Take the data below and filter it for lines containing the word "Small"; show each line found.

◇ ◇ ◇ ◇

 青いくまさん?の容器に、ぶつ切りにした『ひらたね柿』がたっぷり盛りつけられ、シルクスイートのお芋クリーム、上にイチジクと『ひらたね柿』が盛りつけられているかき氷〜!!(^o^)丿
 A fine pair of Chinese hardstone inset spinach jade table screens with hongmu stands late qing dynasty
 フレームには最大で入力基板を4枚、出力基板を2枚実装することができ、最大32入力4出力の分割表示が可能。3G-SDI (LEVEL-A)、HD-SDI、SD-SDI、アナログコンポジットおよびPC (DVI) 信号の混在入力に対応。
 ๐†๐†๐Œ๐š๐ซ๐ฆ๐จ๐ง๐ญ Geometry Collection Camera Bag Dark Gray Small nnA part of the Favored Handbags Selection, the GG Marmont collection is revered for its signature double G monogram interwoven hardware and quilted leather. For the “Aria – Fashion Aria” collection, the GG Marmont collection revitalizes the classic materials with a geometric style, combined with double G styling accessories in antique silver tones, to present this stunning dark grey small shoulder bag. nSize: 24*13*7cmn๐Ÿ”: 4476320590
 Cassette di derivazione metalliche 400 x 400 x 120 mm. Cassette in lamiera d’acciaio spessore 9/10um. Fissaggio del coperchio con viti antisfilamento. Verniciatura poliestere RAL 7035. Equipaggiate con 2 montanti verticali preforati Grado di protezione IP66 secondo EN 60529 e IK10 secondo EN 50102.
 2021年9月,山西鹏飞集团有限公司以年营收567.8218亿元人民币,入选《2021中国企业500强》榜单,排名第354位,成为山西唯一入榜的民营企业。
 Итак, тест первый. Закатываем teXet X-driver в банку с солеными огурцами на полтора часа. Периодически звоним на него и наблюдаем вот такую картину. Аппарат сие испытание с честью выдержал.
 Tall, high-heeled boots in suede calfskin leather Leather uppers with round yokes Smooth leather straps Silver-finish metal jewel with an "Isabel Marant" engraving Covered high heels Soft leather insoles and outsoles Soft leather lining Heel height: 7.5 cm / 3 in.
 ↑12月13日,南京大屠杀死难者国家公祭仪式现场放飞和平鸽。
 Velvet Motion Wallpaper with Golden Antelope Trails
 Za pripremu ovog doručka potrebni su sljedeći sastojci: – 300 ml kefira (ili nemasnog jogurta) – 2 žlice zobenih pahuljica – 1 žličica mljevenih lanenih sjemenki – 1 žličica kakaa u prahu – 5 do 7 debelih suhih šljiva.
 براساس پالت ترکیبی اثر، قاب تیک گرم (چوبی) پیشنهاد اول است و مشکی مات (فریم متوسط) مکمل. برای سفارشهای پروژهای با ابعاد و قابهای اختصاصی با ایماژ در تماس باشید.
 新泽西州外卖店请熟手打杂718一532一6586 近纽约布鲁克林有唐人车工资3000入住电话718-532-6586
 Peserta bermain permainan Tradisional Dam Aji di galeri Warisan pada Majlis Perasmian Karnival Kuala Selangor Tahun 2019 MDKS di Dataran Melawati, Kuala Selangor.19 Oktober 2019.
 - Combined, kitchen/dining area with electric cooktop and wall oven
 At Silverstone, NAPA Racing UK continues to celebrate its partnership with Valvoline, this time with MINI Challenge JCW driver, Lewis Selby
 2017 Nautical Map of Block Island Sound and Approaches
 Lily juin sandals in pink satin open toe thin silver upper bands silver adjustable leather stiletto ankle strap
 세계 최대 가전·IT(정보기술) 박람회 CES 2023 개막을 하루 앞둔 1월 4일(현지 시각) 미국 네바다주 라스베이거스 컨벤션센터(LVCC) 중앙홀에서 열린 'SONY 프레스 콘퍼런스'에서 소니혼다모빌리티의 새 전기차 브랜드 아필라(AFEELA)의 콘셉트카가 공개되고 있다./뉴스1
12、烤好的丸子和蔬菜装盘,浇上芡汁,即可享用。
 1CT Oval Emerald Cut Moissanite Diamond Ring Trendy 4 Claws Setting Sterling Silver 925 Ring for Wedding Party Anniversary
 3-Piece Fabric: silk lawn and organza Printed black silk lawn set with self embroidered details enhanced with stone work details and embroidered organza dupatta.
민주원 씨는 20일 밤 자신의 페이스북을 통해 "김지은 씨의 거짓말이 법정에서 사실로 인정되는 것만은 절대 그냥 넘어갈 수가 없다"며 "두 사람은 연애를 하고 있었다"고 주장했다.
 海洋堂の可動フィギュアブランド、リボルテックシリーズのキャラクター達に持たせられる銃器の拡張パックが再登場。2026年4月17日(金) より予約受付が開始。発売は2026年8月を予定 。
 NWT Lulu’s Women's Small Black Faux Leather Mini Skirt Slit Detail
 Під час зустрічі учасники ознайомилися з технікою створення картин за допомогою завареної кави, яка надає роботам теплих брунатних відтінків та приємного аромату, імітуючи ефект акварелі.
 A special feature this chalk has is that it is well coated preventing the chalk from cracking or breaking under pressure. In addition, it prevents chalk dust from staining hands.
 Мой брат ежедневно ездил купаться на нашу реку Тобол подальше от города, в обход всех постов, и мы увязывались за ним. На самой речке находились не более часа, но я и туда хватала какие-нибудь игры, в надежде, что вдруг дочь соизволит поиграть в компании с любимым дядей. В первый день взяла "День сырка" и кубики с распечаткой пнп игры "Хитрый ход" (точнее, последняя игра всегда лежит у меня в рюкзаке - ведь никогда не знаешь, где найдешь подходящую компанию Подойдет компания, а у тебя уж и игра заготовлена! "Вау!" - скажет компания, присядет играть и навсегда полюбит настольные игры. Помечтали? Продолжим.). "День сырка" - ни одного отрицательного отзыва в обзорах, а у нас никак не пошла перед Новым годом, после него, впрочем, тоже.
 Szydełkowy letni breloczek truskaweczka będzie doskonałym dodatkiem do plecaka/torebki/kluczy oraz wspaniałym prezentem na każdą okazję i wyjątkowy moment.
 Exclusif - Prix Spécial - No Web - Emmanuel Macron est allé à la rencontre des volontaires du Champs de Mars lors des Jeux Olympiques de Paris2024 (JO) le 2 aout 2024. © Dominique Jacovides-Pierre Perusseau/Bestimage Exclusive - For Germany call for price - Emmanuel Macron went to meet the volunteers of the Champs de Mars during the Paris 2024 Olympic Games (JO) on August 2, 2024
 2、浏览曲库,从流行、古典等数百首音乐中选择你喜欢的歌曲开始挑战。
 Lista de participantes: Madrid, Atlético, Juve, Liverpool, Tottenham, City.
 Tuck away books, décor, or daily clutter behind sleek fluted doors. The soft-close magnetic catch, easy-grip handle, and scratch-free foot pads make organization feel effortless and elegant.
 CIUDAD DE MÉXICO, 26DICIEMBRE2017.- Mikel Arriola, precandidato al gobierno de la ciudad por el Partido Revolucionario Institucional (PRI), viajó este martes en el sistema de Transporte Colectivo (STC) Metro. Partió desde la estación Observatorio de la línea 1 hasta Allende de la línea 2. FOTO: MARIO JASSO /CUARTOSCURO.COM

◇ ◇ ◇ ◇

Task solution:
 ๐†๐†๐Œ๐š๐ซ๐ฆ๐จ๐ง๐ญ Geometry Collection Camera Bag Dark Gray Small nnA part of the Favored Handbags Selection, the GG Marmont collection is revered for its signature double G monogram interwoven hardware and quilted leather. For the “Aria – Fashion Aria” collection, the GG Marmont collection revitalizes the classic materials with a geometric style, combined with double G styling accessories in antique silver tones, to present this stunning dark grey small shoulder bag. nSize: 24*13*7cmn๐Ÿ”: 4476320590
 NWT Lulu’s Women's Small Black Faux Leather Mini Skirt Slit Detail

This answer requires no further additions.